2. Geometric Consistency Score
This evaluates whether the 3D structure implied by the rendered images is internally consistent and physically plausible:
- Depth map validation using Depth Anything v2 to independently estimate depth from rendered RGB, then comparing against the ground-truth depth buffer from the simulator
- Multi-view consistency — if the dataset includes multiple viewpoints of the same scene, are the implied 3D structures consistent?
- Scale coherence — are object sizes physically reasonable given their semantic class?
- Occlusion correctness — do partial occlusions match what the depth ordering predicts?
Geometric inconsistencies are one of the strongest predictors of transfer failure because they teach models spatial relationships that don't exist in reality.
3. Annotation Fidelity Score
This measures how accurately the provided labels match the rendered scene content:
- Bounding box tightness — how closely do boxes match object silhouettes?
- Segmentation mask boundary alignment — measured at the pixel level against rendered object masks
- Label correctness — using Qwen2.5-VL to independently classify objects and compare against provided labels
- Keypoint accuracy — for pose estimation datasets, are annotated keypoints at physically plausible locations?
Small annotation errors in synthetic data often go unnoticed because they're consistent (the same procedural bug affects every instance). But they create systematic biases that degrade real-world performance.

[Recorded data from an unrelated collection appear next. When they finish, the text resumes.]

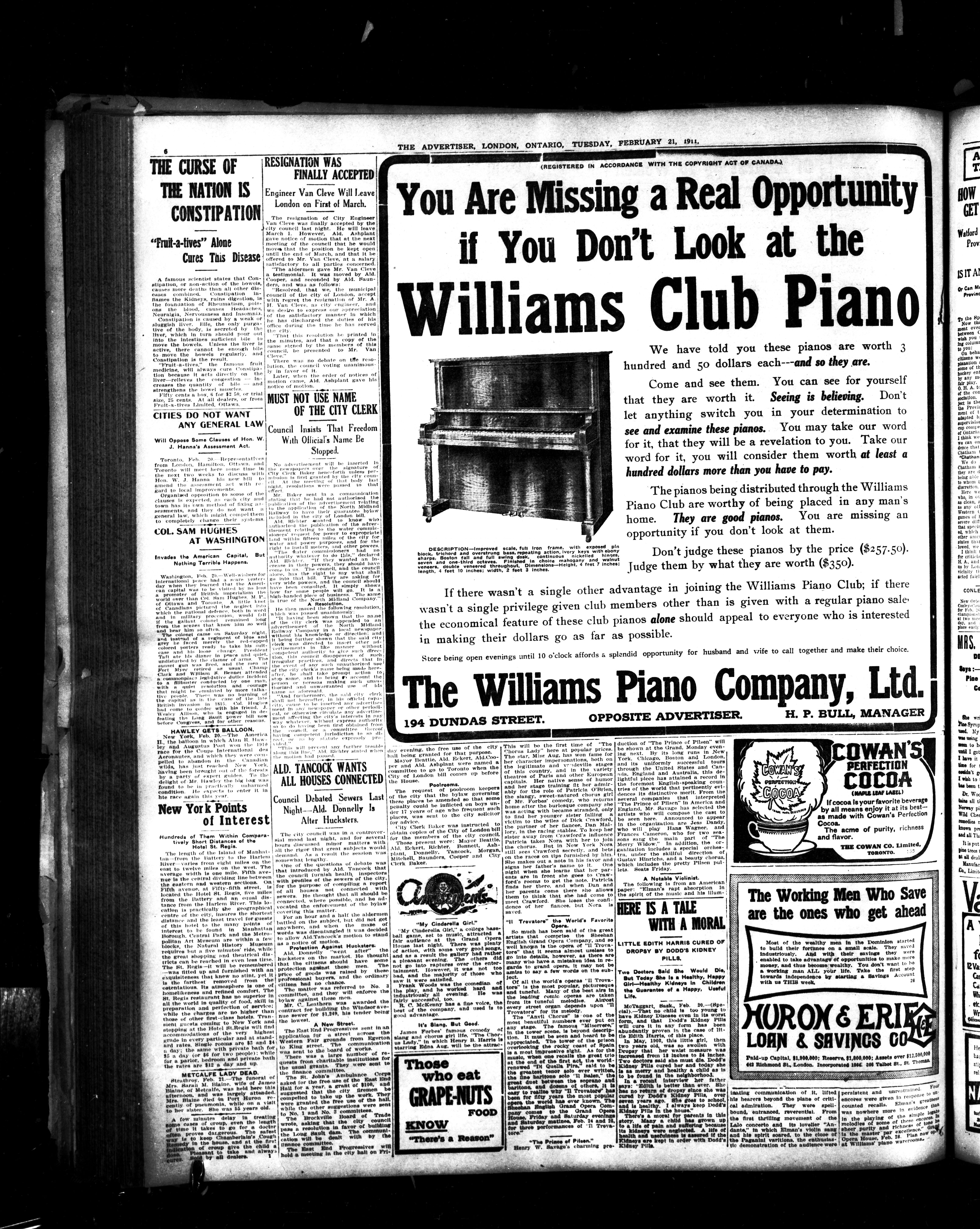 London advertiser. : London Advertiser : 47th Year, No. 20221 (February 21, 1911)
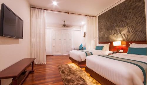 Lotus Blanc Resort offers a relaxing getaway in the heart of Siem Reap City, a convenient 10-minute drive to the famous Old Market (Phsar Chas) and the well-known Pub Street. It features an outdoor swimming pool, free WiFi access. The resort is only a 10-minute drive from Siem Reap International Airport. The UNESCO World Heritage Site of Angkor Wat Temple is just 5 mi away. Featuring a balcony, air-conditioned rooms are equipped with a personal safe, a flat-screen cable TV and a mini-bar. Rooms also include an electric kettle and a seating area. Private bathrooms offer a hairdryer and free bath amenities such as free toothbrush and toothpaste. Room service is possible. Slippers are also available in all rooms. Lotus Blanc Resort operates a 24-hour front desk that provides luggage storage, laundry and tour services. A fitness center and meeting/banqueting facilities are available. Guests can enjoy a pampering massage at its spa, or rent a vehicle to explore the area. A selection of Khmer dishes and international buffet are served at Le Blanc Restaurant. The Lobby Lounge offers afternoon teas and evening cocktails accompanied with live music by international bands.
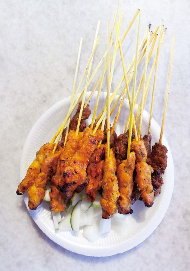 サテ盛合せ(S$10~)は、炭火で香ばしく焼かれていて、ビールのつまみにも最適です!

4. Distribution Readiness Score
This evaluates whether the dataset's statistical distribution prepares a model for the target deployment scenario:
- Class frequency analysis against expected real-world priors
- Pose and viewpoint coverage — are objects seen from a sufficient range of angles?
- Contextual diversity — does the same object appear in varied backgrounds and lighting?
- Edge case representation — are rare but important scenarios (occlusions, unusual poses, failure modes) adequately represented?
Combining the Scores
The four component scores are combined using a learned weighting function rather than fixed weights. The weights depend on:
- Dataset domain — for outdoor autonomous driving, domain alignment matters more; for bin-picking, geometric consistency dominates
- Dataset size — smaller datasets are penalized more heavily for distribution gaps
- Intended model architecture — object detection models are more sensitive to annotation fidelity than scene classification models
The final sim-to-real transfer confidence score is a value between 0 and 1, where:
- 0.90+ indicates high confidence in successful transfer
- 0.70–0.89 indicates likely transfer with some degradation
- 0.50–0.69 indicates significant risk of transfer failure
- Below 0.50 indicates the dataset needs substantial improvement before training
Calibration
We calibrate the score against measured transfer performance: for each dataset in our calibration set, we train a reference model, evaluate it on real data, and compare the predicted score against actual performance. The current calibration achieves a rank correlation of 0.87 with actual transfer performance across our benchmark suite.
The score is not a guarantee. It's a probabilistic estimate based on dataset properties that have historically predicted transfer success. We report confidence intervals alongside the point estimate.
The sim-to-real transfer confidence score is designed to be the single number you check before committing GPU hours to training. The component scores tell you where to focus when that number isn't where you need it to be.